I never saw the chest in the farmhouse, but I’m going there next week to have another look. I hate what I’m about to do, believe me when I say that, Anne-Lise, but I need to know the truth, and the scene we witnessed seems to corroborate my cousin’s story.
I didn’t tell Maggy my plan because I imagine she’ll be outraged at my indiscretion. In Belle Poelle, I forced myself to keep my distance. And that took a lot of energy because I couldn’t get a read on her charming but detached demeanor … If you have any insight into h
er feelings, please enlighten me …
On my end, I will keep you up to date about my discoveries (because after all, this “chest” could in fact be one of the old wooden trunks stashed in the attic!).
I know that I’m distancing myself from your literary quest. I hope that you will not be angry with me for having chosen you as a confidante now that certain parts of my past are crumbling like the neglected vestiges of an abandoned family house.
Your friend,
William
P.S. You can write me back in Lozère, because I don’t think I will stay here more than three days … Too many questions lure me back to France once more.
P.P.S. Your cousin? Still alive?
from Anne-Lise to Maggy
RUE DES MORILLONS, AUGUST 6, 2016
My dear Maggy,
Did you arrive back home safely? And how are you tolerating your isolation after such a delicious adventure in communal life?
On Thursday morning I had a hard time getting back into all the projects I had ditched on my desk that I have to submit to my cousin before the 13th. For the first time in two years, I passed him in the hallway without feeling the urge to gouge his eyes out. However, he hasn’t changed. He walks around like a young dynamic executive (past his prime with his gray temples), his two cell phones in hand, constantly holding his MacBook Air, which always seems to supply an adequate response to any question asked. He measures his success by the number of tweets about him and only gets his news on social media … No doubt you would love him; I’ll introduce you whenever you want.

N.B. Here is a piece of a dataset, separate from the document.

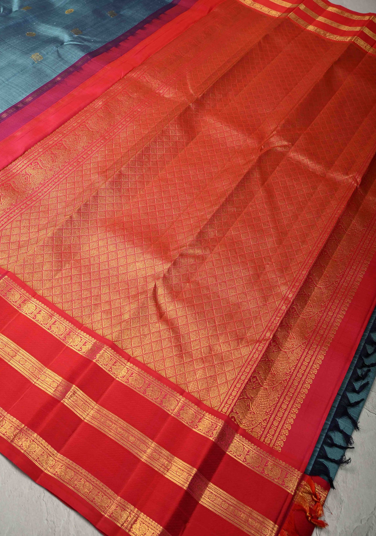 Elevate your ethnic wardrobe with this Dusty Blue Dual Tone Pure Kanjivaram Silk Saree, a perfect blend of tradition and elegance. Woven from pure Kanjivaram silk, the saree is adorned with delicate zari buttas that add a subtle shimmer across its graceful body. The contrast zari border enhances the saree’s dual-tone appeal, giving it a regal and refined finish. Ideal for weddings, festive celebrations, and grand traditional occasions, this saree drapes beautifully, offering timeless sophistication.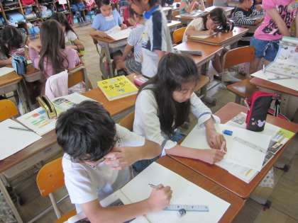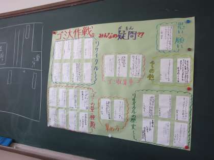リサイクルや,ゴミの種類・量,ゴミの集め方など,各自でテーマを決めて調べました。これを最終的に新聞にまとめます。

Fortunately, the transformation of my daughter made up for that unpleasantness. Even you observed just how good the trip to Lozère was for her; in fact, the metamorphosis continues in Paris. She has been a different Katia since returning home. She’s always smiling, and although she still considers housework an awful activity, she now shows an interest in my hobbies and in the people I spend time with. She won’t stop talking about Sylvestre and William, as if they were members of the family. The latter, especially, made a strong impression on her; she absolutely wants us to return this winter to see Lozère covered in snow … I agree with you, that man’s gaze possesses something magical that has transformed my rebellious daughter into a civilized adolescent.